Sum of the products of same placed digits of two numbers

Given two positive integers N1 and N2, the task is to find the sum of the products of the same placed digits of the two numbers.
Note: For numbers of unequal length, the preceding digits of the smaller number needs to be treated as 0.

Examples:

Input: N1 = 5, N2 = 67
Output: 35
Explanation:
At one’s place, we have digits 5 and 7, their product is 35. At ten’s place we have 6 in N2. As N1 has no digit at ten’s place, 6 will be multiplied with 0, leading to no effect on the sum. Hence, the calculated sum is 35.

Input: N1 = 25, N2 = 1548
Output: 48
Explanation:
Sum = 5 * 8 + 2 * 4 + 0 * 5 + 0 * 1 = 48.
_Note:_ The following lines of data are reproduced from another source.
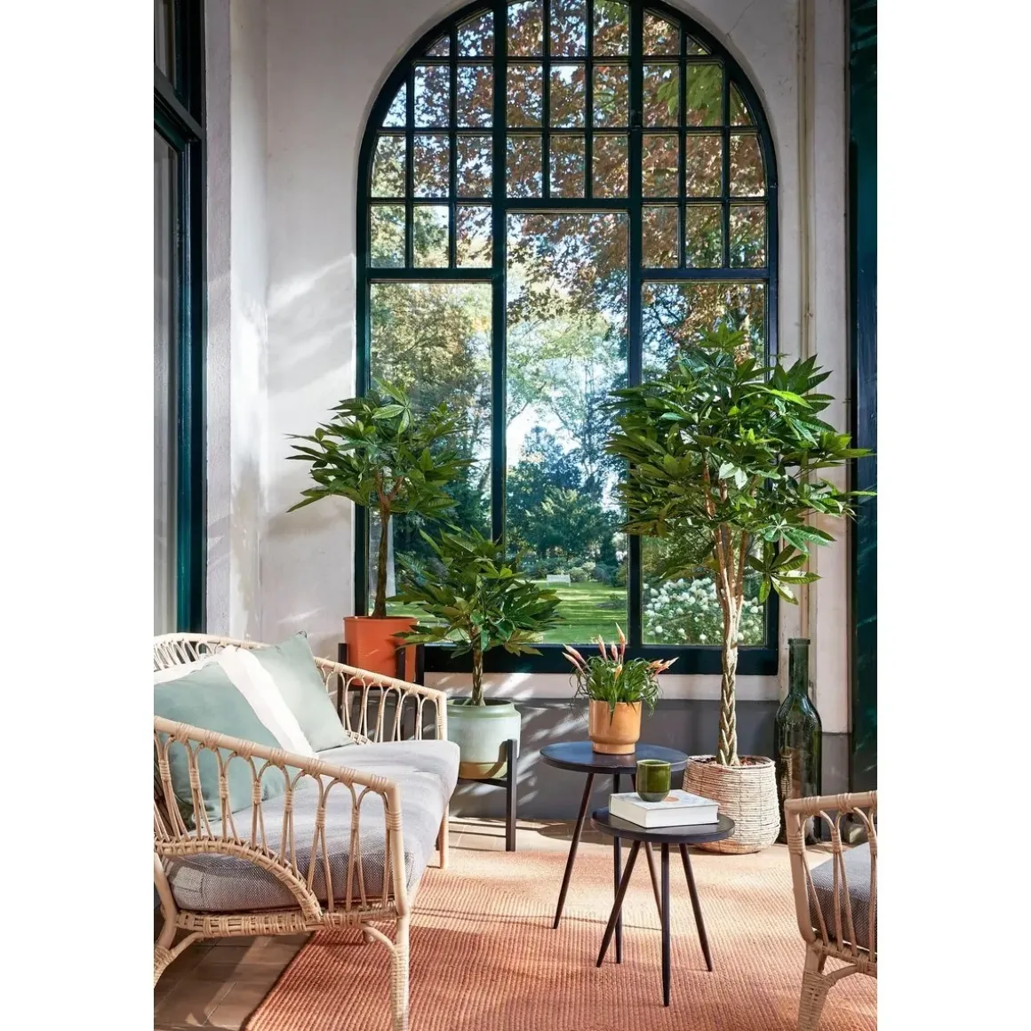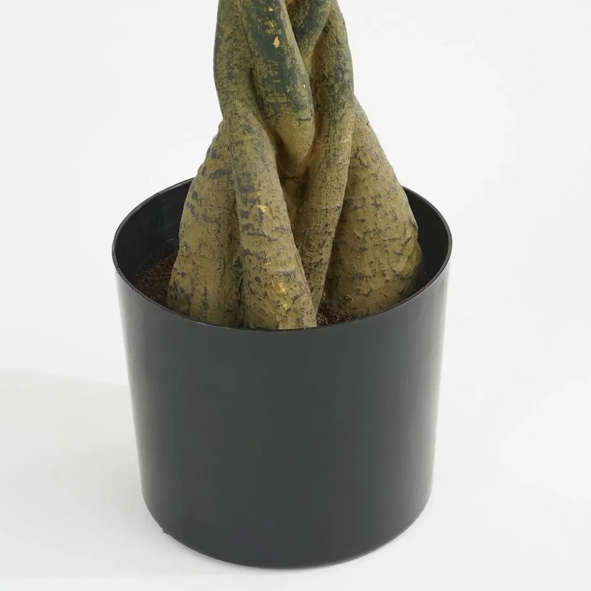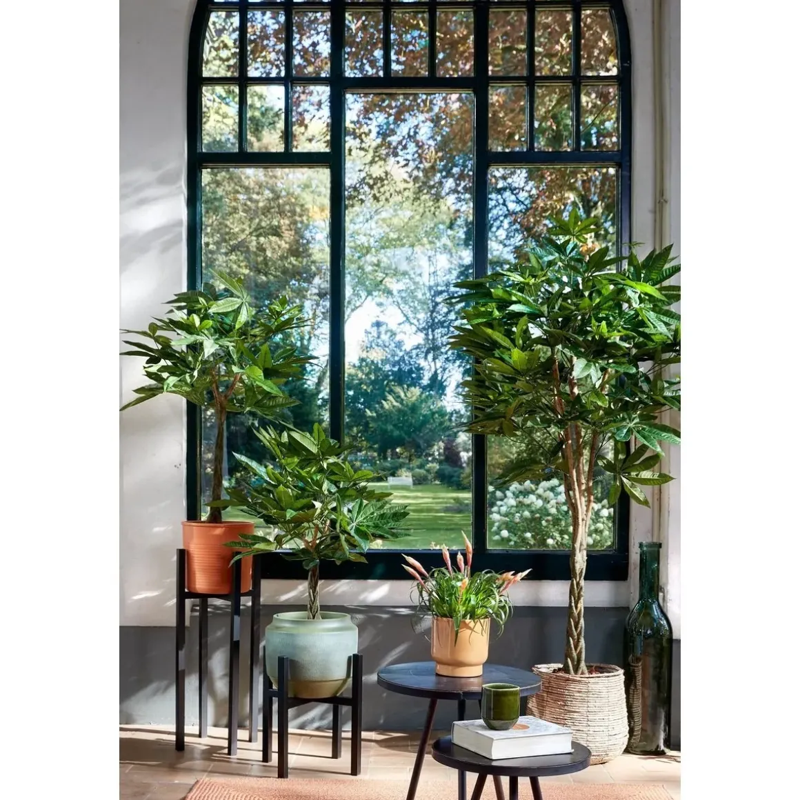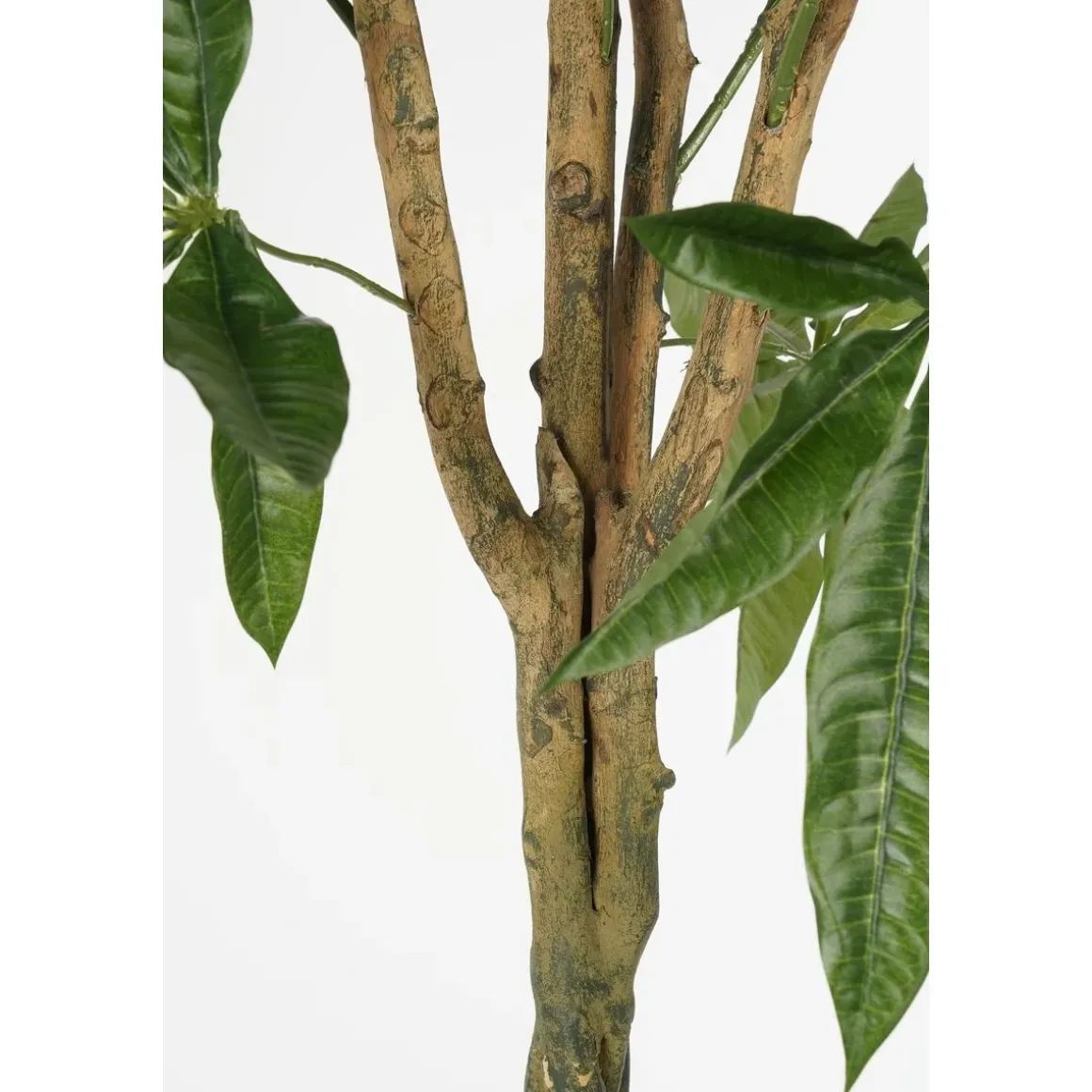 Klaar om zorgeloos te genieten? De kunstplanten voor binnen van Mica Decorations zijn niet van echt te onderscheiden, maar hebben geen enkel onderhoud nodig. De Pachira, ook wel Watercacoa of Geldboom genoemd, staat in het Verre Oosten symbool voor welvaart en geluk wordt vaak als cadeau gegeven. Deze kunstvariant is een leuk alternatief, bijvoorbeeld voor iemand zonder groene vingers. De groene bladeren zijn uitgevoerd in verschillende maten en groentinten. Net echt! Daarnaast is de gevlochten stam gemaakt van echt hout. De plant staat in een zwarte, kunststof pot die gemakkelijk in een sierlijke bloempot gezet kan worden. Voor gebruik moet de plant nog in model worden gebracht. De afmetingen zijn ca. H120 x Ø50 cm.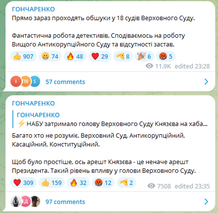 "Фантастическая работа детективов, надеемся на работу Высшего Антикоррупционного Суда и отсутствие залогов. Многие не понимают. Верховный Суд, Антикоррупционный, Кассационный, Конституционный. Чтобы было проще, арест Князева — это как арест президента. Таков уровень влияния у главы Верховного Суда", — объяснил политик.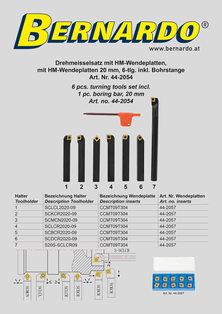 Technische Spezifikationen Bernardo HM-Drehmeißelsatz, 6-tlg. inkl. Bohrstange, 20 mm
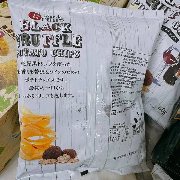 特別使用了乾燥黑松露,而且黑松露的味道和香氣都可以說是相當濃厚!而且是特別為了搭配紅酒所誕生的洋芋片,從吃的第一口開始就能夠感受到實實在在的松露氣息!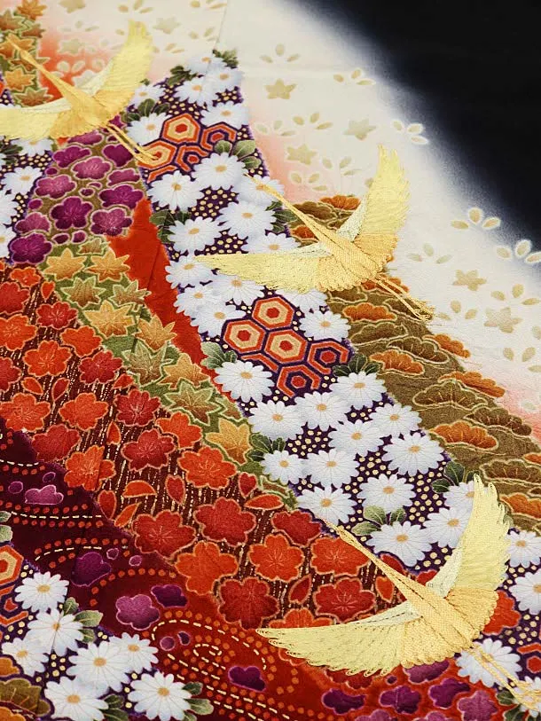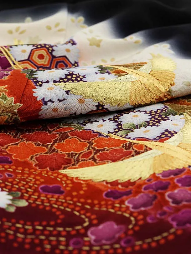 留袖 レンタル4479 絞り 鶴 金コマ刺繍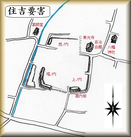 住吉要害は山下の市街地一帯にある。地図には「山下長者屋敷」として掲載されており、南側の民家表の土塁の前には、これについて解説した案内板が立てられている。周辺には八幡神社や東光寺、薬師堂などがあるので、これらを目標にしながら遺構を探してみるのもよいだろう。ただし、城内は3軒の民家の敷地内となっているため、内部見学はできない状況にある。市街地の城址というのは、こういう風になってしまっているケースが多いので、探索には気を遣うこととなる。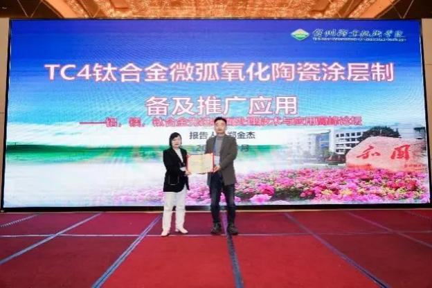 臺州職業技術學院鄭金杰副教授作了題為《TC4 鈦合金微弧氧化陶瓷涂層制備及推廣應用》的報告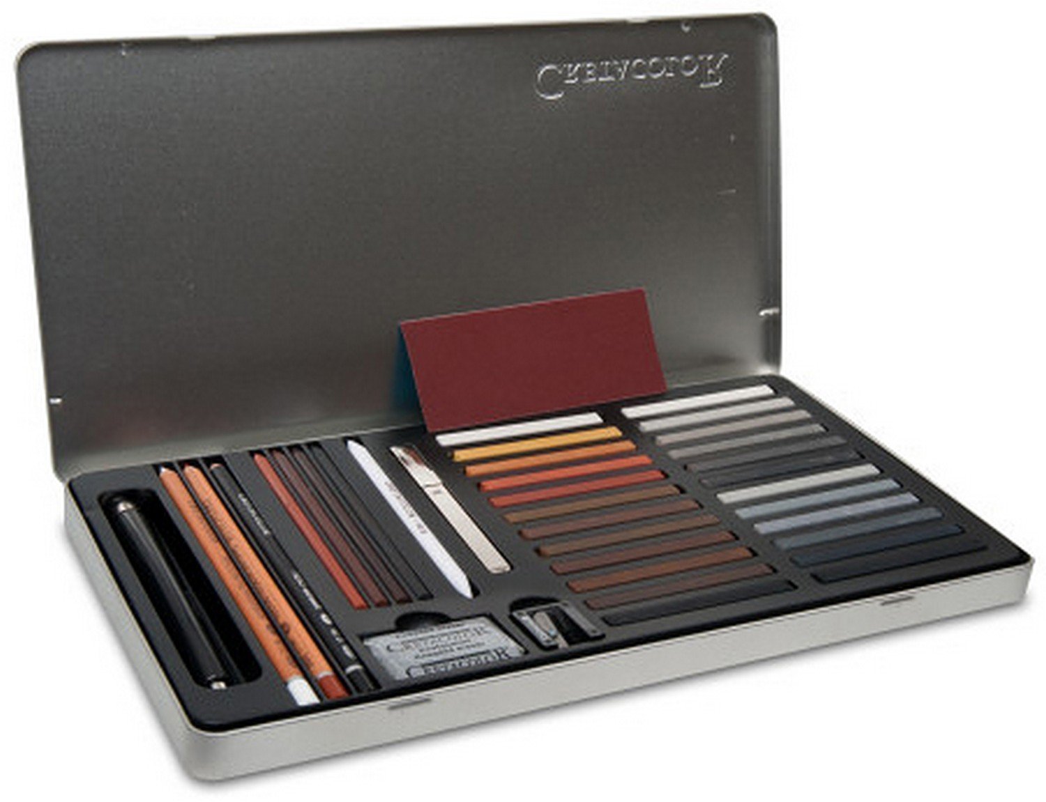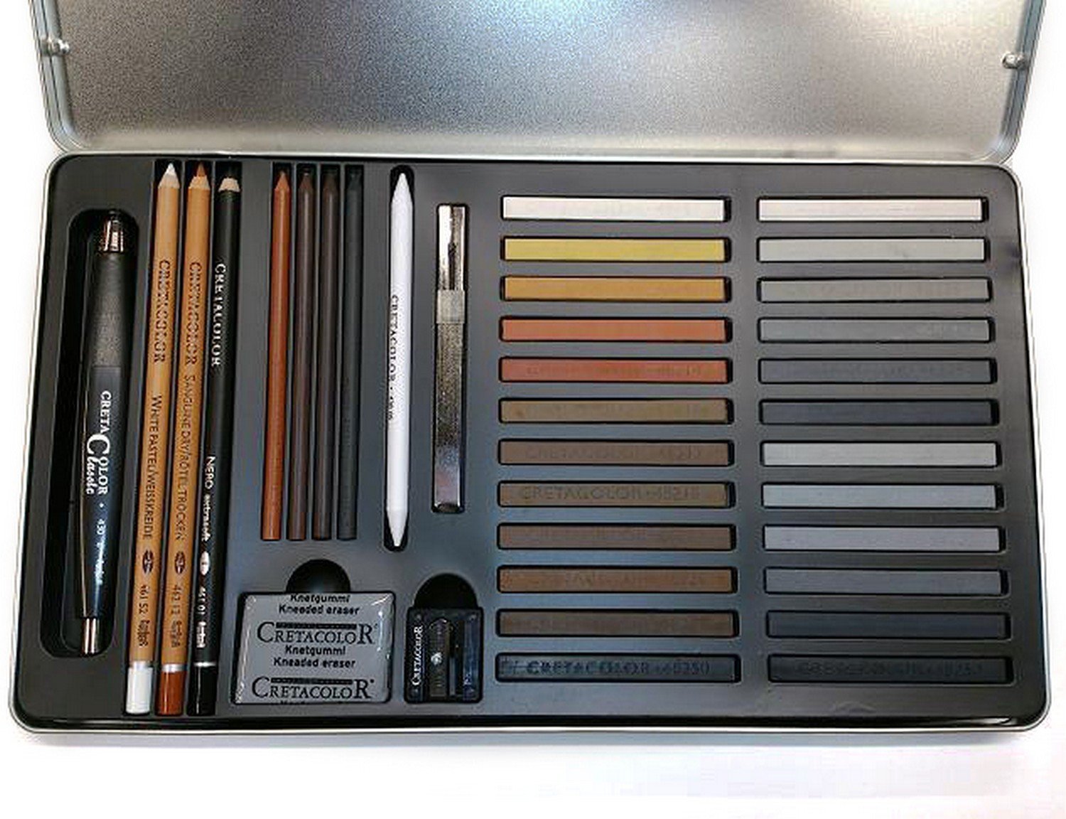 Набор «Terra Classica» Набор содержит полный ассортимент художественных материалов для всех техник работы с сангиной: 24 мелка оттенков коричневого и серого, художественные карандаши (белый мел, сухая сангина, «Nero»), стержни 5,6 мм (угольный, светлая и тёмная сепия, сангина масляная), точилку для художественных карандашей, ластик-клячку, растушёвку, держатель для мелков, держатель для стержней и наждачную бумагу.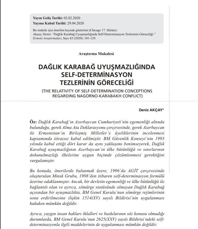 DAĞLIK KARABAĞ UYUŞMAZLIĞINDA SELF-DETERMİNASYON TEZLERİNİN GÖRECELİĞİ -
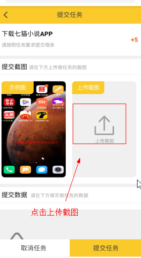 点击领取任务,上传截图到后台审核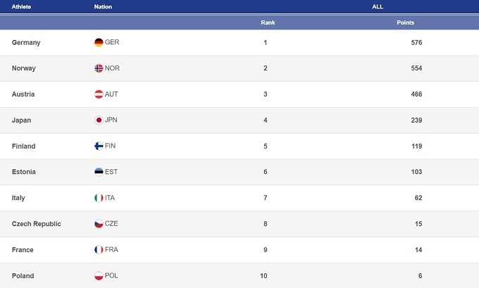 Большего ждали в Руке от сборной Германии, но работа с Хайнцем Куттином на трамплине пока что ожидаемых плодов не приносит. Да, немного прибавили Йоханнес Ридцек и Фабиан Риссле, но зато полностью провалил старт сезона Винценц Гайгер. Ощутимого прогресса на трамплине добился только Мануэль Файсст, который возглавил прыжковый зачет Кубка мира.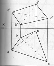 Задача 3. Определите видимость ребер пирамиды SABC.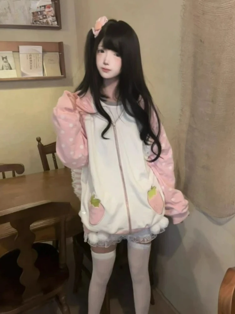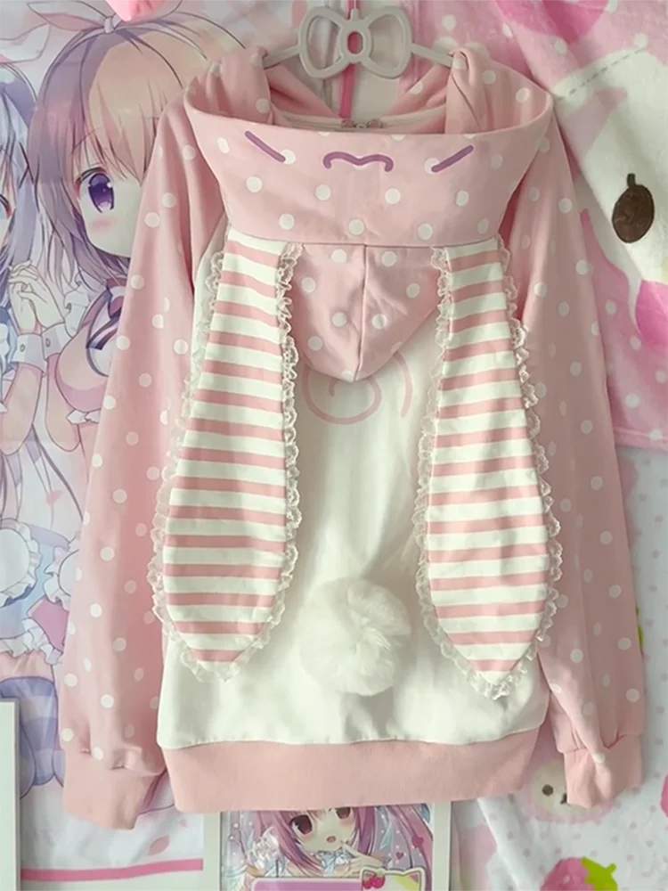 Japanese Kawaii Rabbit Ears Coat Women Sweet Pink Stripe Zipper Hooded Coats Grunge Hoody Y2k Harajuku Strawberry Sweatshirts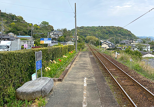 「寸座駅」は、高台に位置する小さな無人駅。駅舎もなく、ホームに待合室があるのみ。それだけに地元のみなさんの愛着がつよう駅です。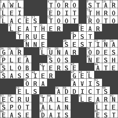 ACROSS 1. Leather borer 4. "Corrida" creature 8. Play the lead 12. Flowery wreath 13. Prepare for publication 14. Through, poetically 15. Shoestrings 18. A blast of a horn 19. Printing process, for short 20. Cordwainer's material 22. Ewer handle 23. Loyal 24. Pacific Standard Time (abbr.) 25. Compass dir. 26. French poetic form 30. Slender fish 33. Type of eclipse 36. Lyric poems 37. Entreaty 39. Mayday 40. Tender 41. Messy guy 42. Laconic 44. Had dinner 45. More disrespectful 47. Set 50. Mouth or opening 51. Deliberation 53. Raised railways 54. Inveterate users 57. Shade of tan 59. Falsehood 61. Memorize 63. Specific locale 64. Actor Alda or Thicke 65. Falsehood 66. Comfort 67. Raised platform 68. Eastern Standard Time (abbr.) DOWN 1. 100% 2. Welt 3. It is permitted: Lat. 4. Wig 5. Scent 6. _ de Janeiro 7. Baseball player Mel 8. Ski resort town in Vermont 9. Son of Odin 10. Tate display 11. Friend of Pooh 16. Merit 17. Astound 21. Person who is morally reprehensible 22. Double-curved letter 24. For each 26. Backtalk 27. The main thing one is thinking about 28. A home for chicks 29. American tennis player Robert 30. Global Positioning Systems (abbr.) 31. Silent film actress Nazimova 32. Vintage cars 34. One who uses or employs something 35. Not either 38. Utter; complete 42. Beverage made from leaves 43. Mild oath 46. Big collection agency 48. Morally bad or wrong 49. Louse (plural) 52. Lacking originality or spontaneity 53. Greek god of love 54. Mountain range southwest of Kyrgyzstan 55. Lairs 56. Indian titles of respect 57. Compass dir. 58. Accounting whiz (abbr.) 59. Bit 60. In the manner of 62. Remaining after all deductions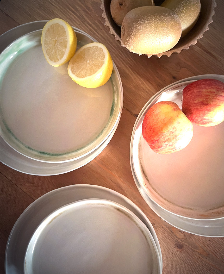 Inspired by the hills of Asturias in northern Spain, a perfect feast for nature. This collection, with its thicker heavier forms, is complemented by the use of a soft opal glaze. By adding hints of greens and browns, it brings the outside in and nature a step closer to home.

Recommended: Please try your approach on {IDE} first, before moving on to the solution.

Approach:
To solve the problem mentioned above, we need to follow the steps below:

Extract the rightmost digits of the two numbers and multiply them and add their product to sum.
Now remove the digit.
Keep repeating the above two steps until one of them is reduced to 0. Then, print the final value of sum calculated.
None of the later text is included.